ASSIGNMENT. What you return should be the lines from the one with "Buffet chauffant, bain" through the one with "Prato de Sobremesa" in the data below, reproduced exactly with both ends, and no pictures at all.

SUPPLIED MATERIAL.
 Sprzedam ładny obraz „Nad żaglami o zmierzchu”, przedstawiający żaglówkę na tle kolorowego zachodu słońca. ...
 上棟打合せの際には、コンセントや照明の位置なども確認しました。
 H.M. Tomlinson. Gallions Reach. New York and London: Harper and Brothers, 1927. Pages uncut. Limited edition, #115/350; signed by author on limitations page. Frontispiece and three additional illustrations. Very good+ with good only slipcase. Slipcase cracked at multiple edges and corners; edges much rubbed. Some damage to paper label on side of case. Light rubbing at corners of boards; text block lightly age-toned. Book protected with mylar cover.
==
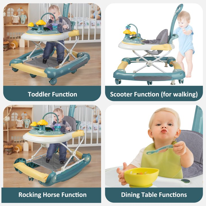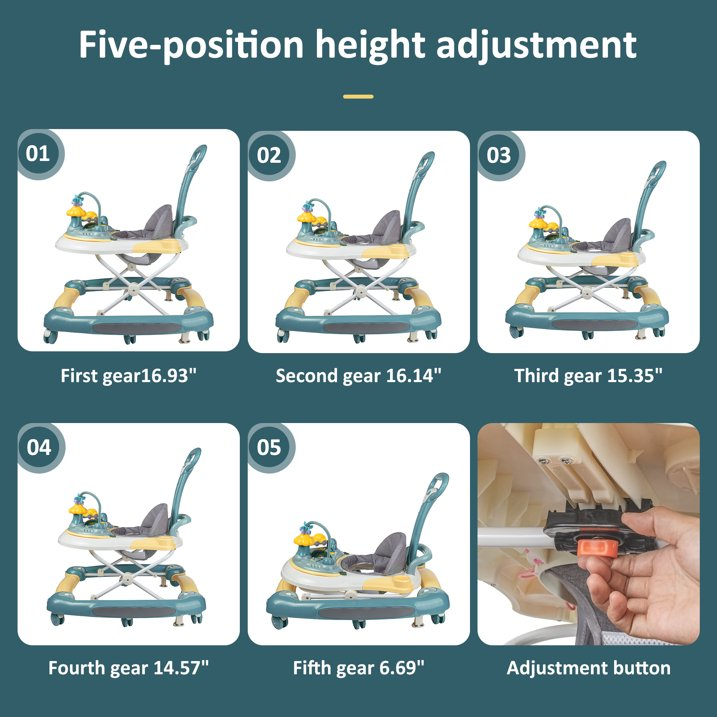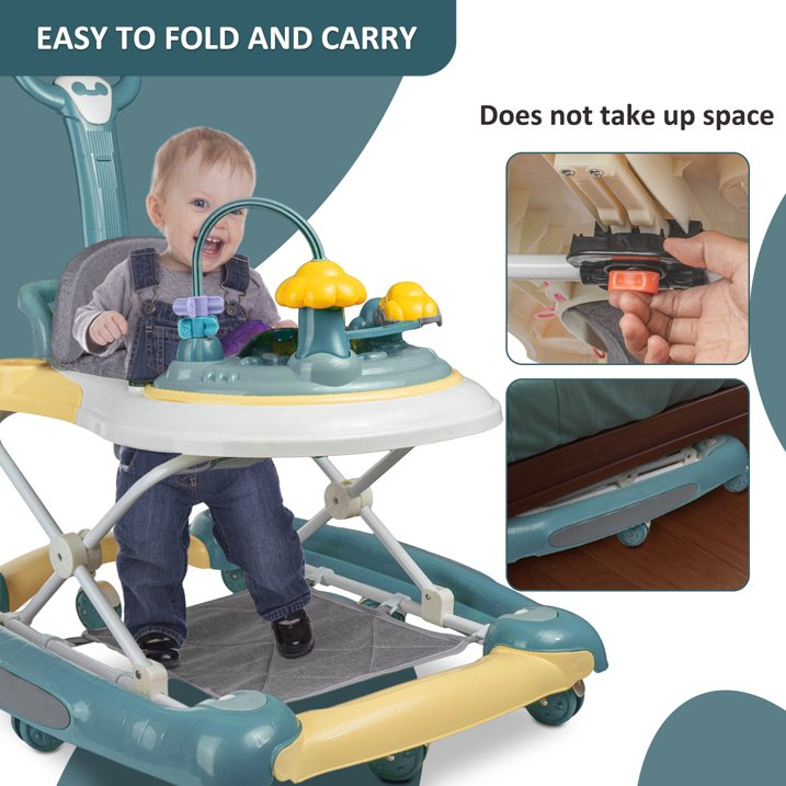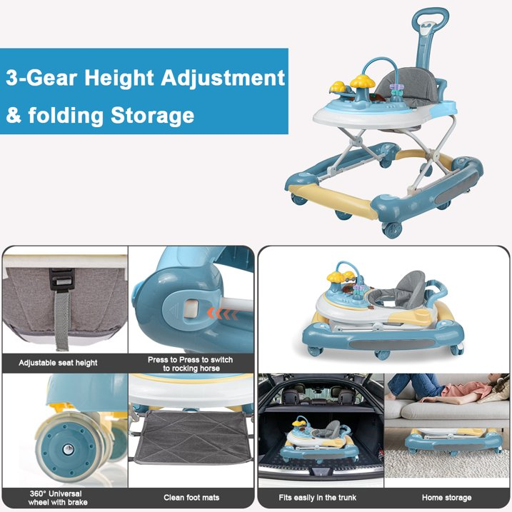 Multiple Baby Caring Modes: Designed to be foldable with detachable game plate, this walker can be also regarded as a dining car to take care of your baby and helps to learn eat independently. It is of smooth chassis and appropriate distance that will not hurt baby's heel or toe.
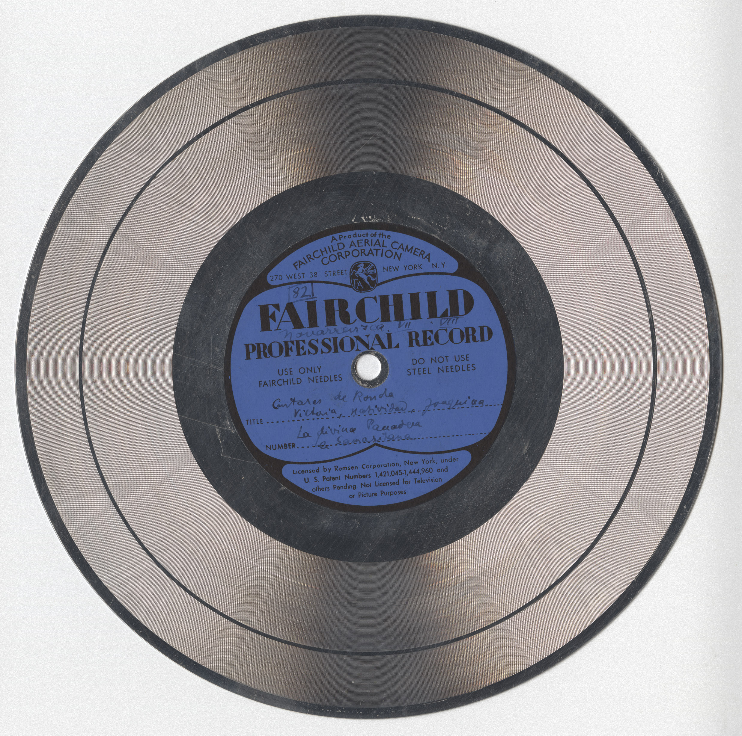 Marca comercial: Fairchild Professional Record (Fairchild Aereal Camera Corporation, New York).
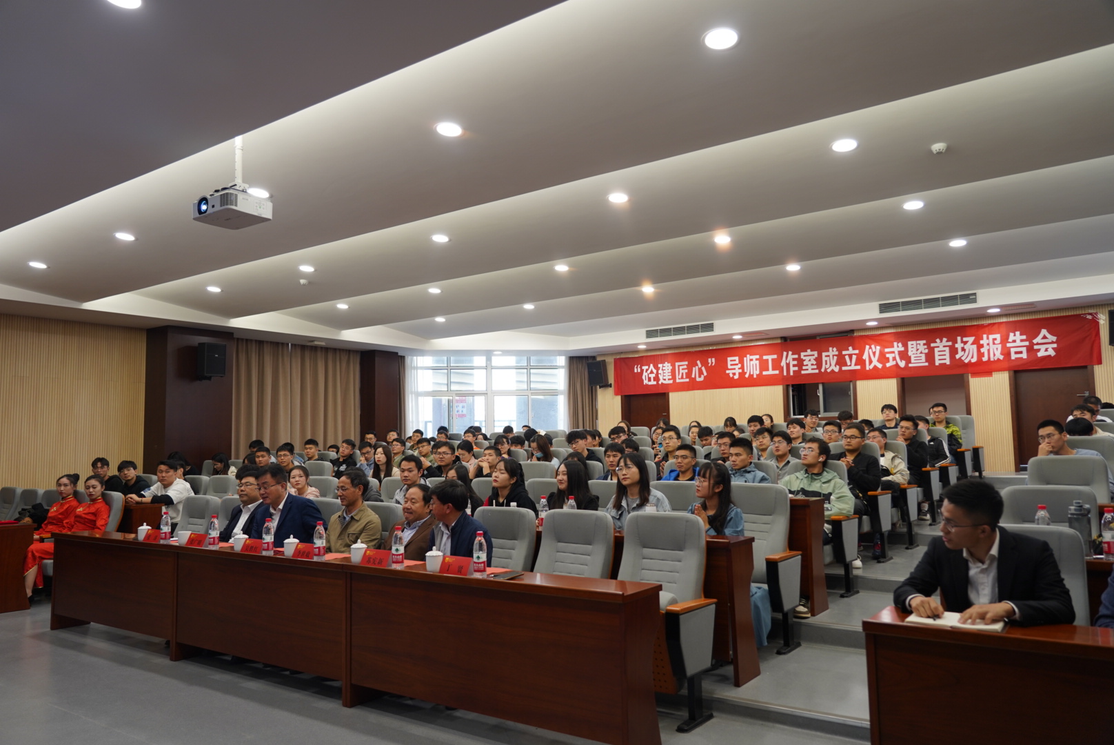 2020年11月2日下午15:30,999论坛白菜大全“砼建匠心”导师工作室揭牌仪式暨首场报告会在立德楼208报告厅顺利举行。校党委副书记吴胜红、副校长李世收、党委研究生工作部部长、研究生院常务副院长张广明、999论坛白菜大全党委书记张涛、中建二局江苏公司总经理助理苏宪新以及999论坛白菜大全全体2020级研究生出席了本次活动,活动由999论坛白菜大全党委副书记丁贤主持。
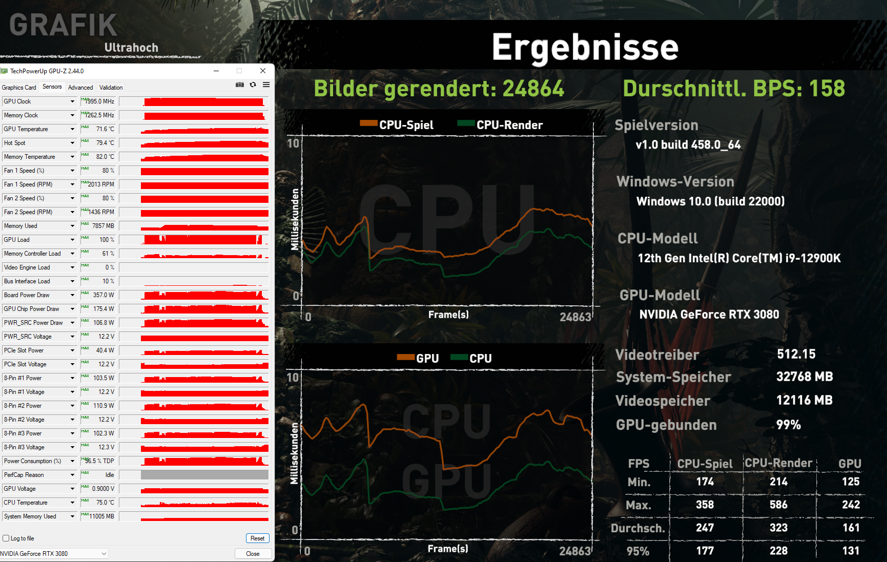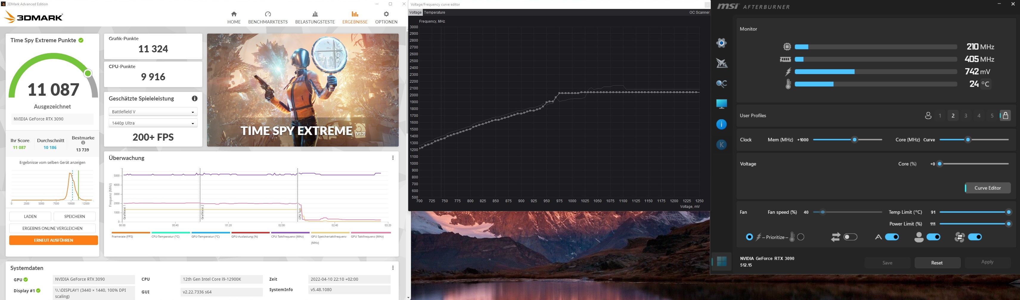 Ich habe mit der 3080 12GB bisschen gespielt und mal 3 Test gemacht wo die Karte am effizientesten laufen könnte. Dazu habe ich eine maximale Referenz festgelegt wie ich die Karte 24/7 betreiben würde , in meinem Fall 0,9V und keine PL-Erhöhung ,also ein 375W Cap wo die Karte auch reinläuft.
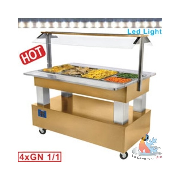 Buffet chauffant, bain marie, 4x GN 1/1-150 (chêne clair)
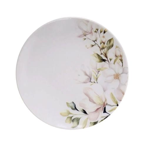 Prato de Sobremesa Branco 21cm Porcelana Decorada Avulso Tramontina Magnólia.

EXERCISE RESULT.
 Buffet chauffant, bain marie, 4x GN 1/1-150 (chêne clair)
 Prato de Sobremesa Branco 21cm Porcelana Decorada Avulso Tramontina Magnólia.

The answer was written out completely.